***** INPUT DATA

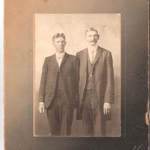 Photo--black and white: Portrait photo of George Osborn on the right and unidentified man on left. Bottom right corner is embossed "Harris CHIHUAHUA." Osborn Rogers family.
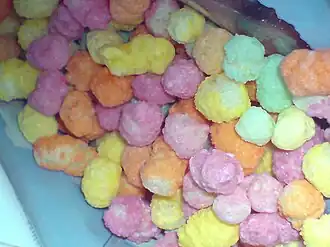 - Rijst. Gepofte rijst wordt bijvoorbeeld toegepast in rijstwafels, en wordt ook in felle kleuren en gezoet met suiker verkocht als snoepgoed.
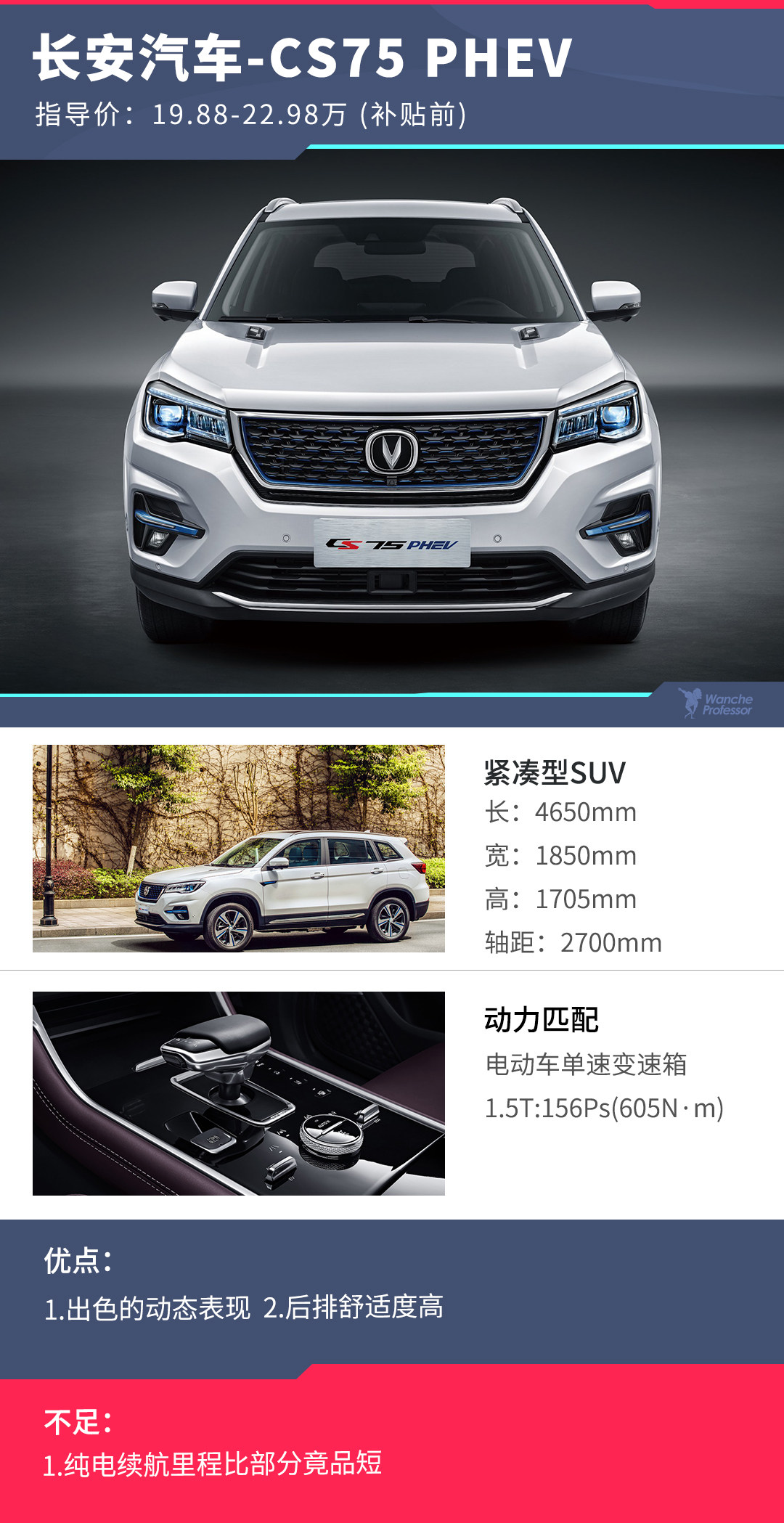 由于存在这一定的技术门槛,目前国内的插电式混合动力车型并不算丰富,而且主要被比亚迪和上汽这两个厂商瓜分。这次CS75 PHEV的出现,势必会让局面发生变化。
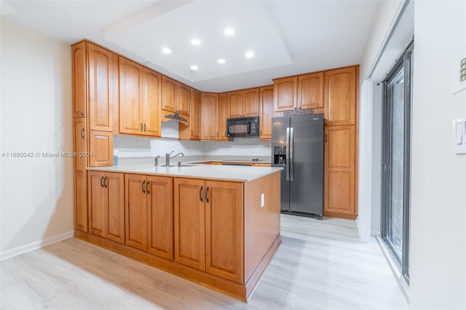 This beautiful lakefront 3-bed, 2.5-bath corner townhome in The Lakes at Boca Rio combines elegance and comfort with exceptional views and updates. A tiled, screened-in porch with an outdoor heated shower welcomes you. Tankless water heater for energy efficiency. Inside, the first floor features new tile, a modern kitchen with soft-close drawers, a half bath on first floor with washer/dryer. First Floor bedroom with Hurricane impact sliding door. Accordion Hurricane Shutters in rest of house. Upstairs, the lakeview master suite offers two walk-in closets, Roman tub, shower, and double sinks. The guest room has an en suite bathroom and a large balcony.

**********
***** INPUT DATA

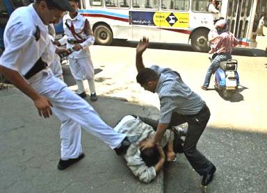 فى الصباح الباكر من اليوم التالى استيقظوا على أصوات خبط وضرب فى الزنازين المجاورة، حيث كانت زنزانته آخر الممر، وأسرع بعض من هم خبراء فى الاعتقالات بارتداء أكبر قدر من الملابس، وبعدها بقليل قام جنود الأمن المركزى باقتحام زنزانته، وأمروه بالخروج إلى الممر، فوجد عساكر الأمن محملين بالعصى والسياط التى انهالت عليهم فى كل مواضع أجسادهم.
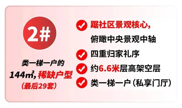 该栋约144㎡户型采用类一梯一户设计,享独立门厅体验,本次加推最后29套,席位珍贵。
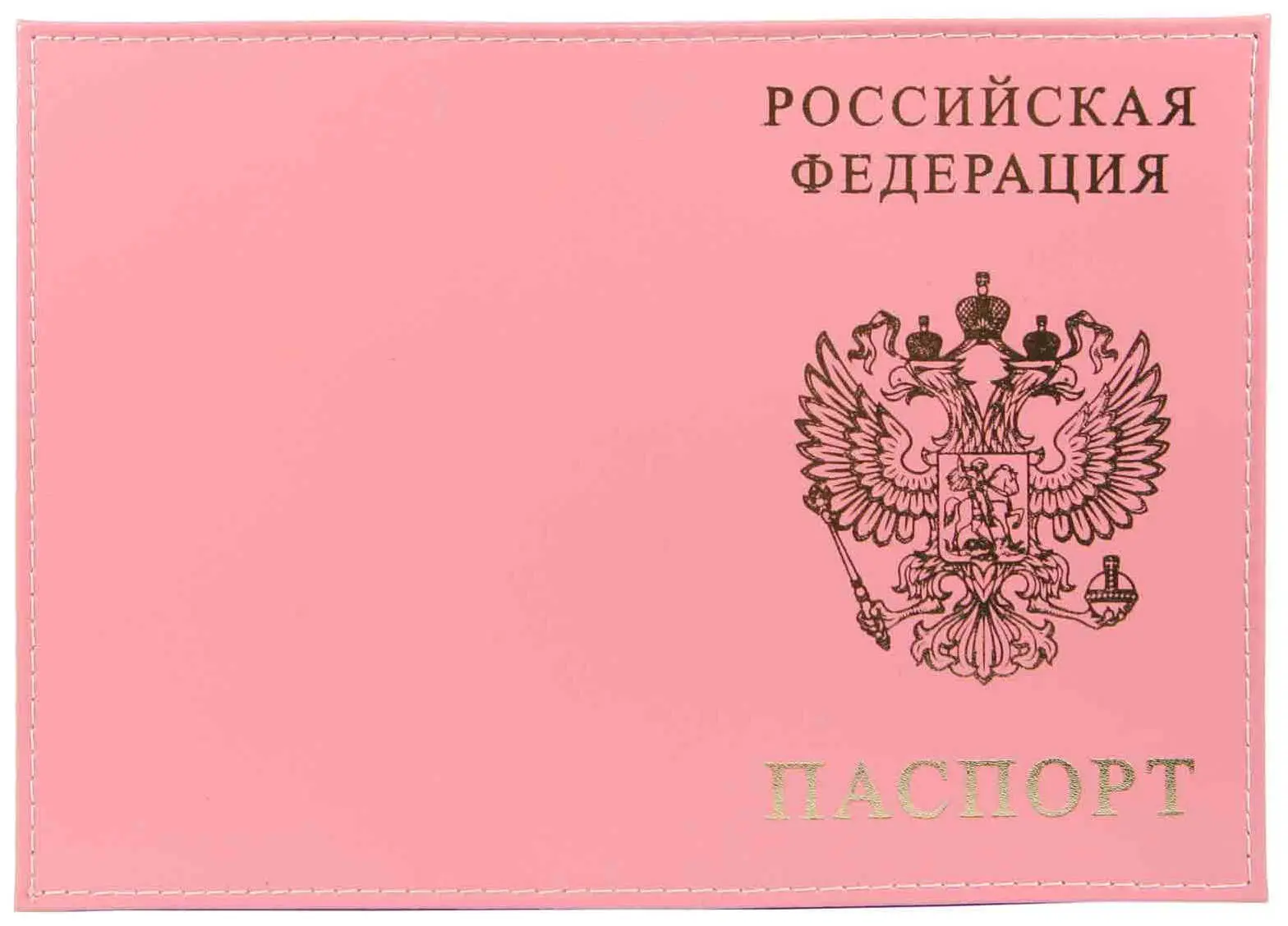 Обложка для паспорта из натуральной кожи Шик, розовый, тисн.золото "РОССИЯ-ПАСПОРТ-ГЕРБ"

**********

→ THE TASK: Out of the records above, set down only the lines from the one that contains "Photo--black and white: Portrait" through the one that contains "- Rijst. Gepofte", unchanged and without the pictures.

→ ANSWER BOX:
 Photo--black and white: Portrait photo of George Osborn on the right and unidentified man on left. Bottom right corner is embossed "Harris CHIHUAHUA." Osborn Rogers family.
 - Rijst. Gepofte rijst wordt bijvoorbeeld toegepast in rijstwafels, en wordt ook in felle kleuren en gezoet met suiker verkocht als snoepgoed.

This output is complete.